Lembrei-me então da Vinted, abri, pus filtros, “mulher” (sempre), “sapatos de salto”, “estado: novos ou muito bom”, “Zara”, “37” (número do meu pé direito, o esquerdo calça 36), “cor-de-rosa”, e foi correr sob a forma de scroll a sete pés, até que se deu o milagre de Natal.

Eu já disposta a dar qualquer preço por eles, e eles novos, à minha espera, por quinze paus. Foi clicar ‘comprar’, pagar, e por pouco não me levantar da cama e sentar-me à porta à espera que chegassem no minuto seguinte. Parece que chegam hoje, daqui a uma hora. Vêm para o lar onde pertencem, sem ter que andar feita estúpida às voltas no Samouco, a gastar combustível, tempo e nervos. Acho que vou buscar um banquinho e colocar-me estrategicamente à porta para os receber nos braços, beijá-los até à indecência e colocá-los logo nos pés. 
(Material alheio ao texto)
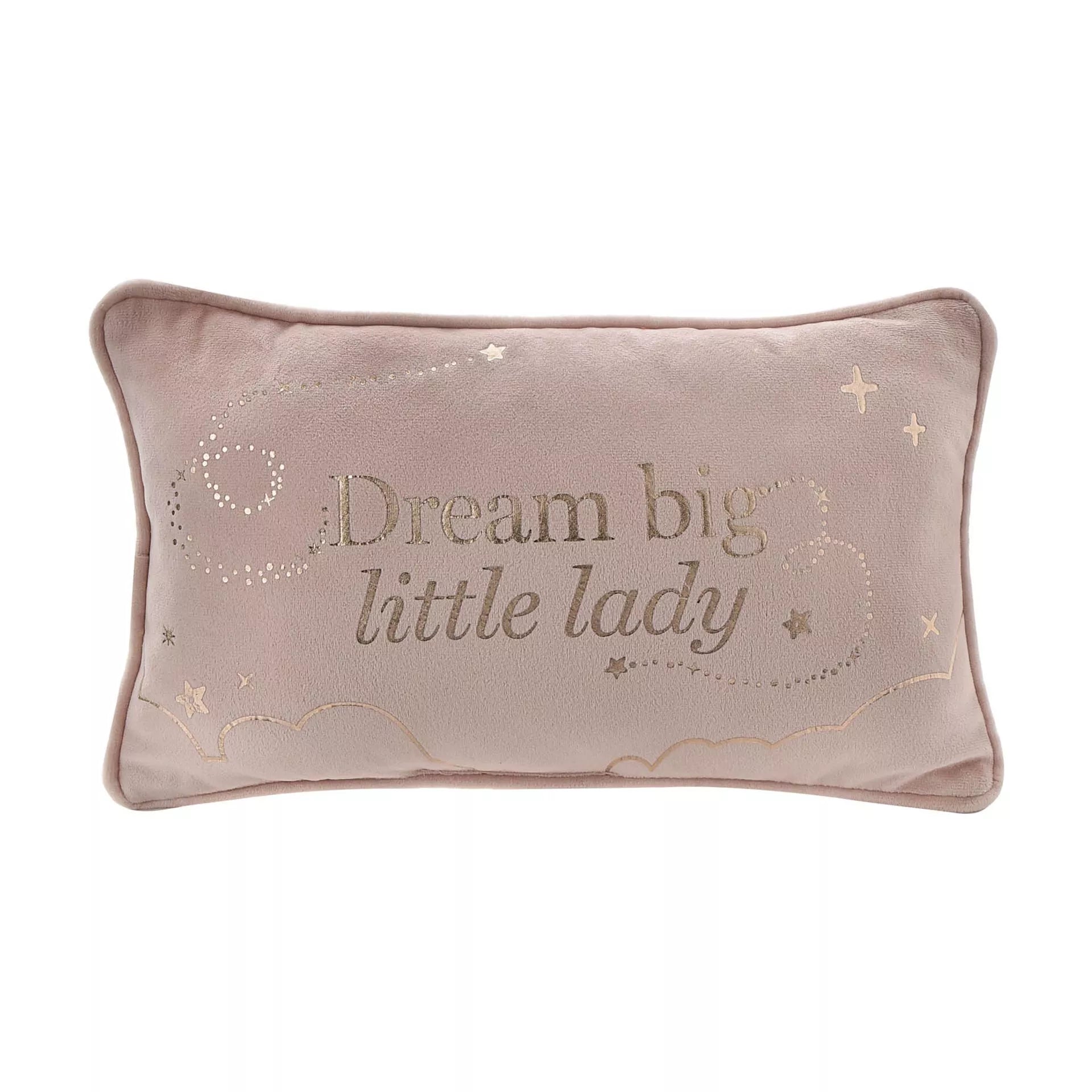 A velvet rectangular cushion from BAMBINO BY JULIANA®. This comforting cushion is a heart-warming addition to any little girl’s or young boy's bedroom or nursery. The blush pink, blue or cream velvet material adds to its luxurious feel and is completed by ‘Dream Big Little Lady’ sentiment in gold lettering. 'Dream big little man' or 'Read me a story, tuck me in tight, tell me you love me & kiss me goodnight.

O que retiro desta história sem interesse e nem pés (calma…) nem cabeça? Nunca desistas. Mesmo quando tudo parece mais negro e sem saída, mesmo quando somas os teus bocadinhos e todos te parecem demasiado quebrados para os colares e refazer-te inteira, não baixes os braços. Haverá sempre um par de sapatos cor-de-rosa à tua espera.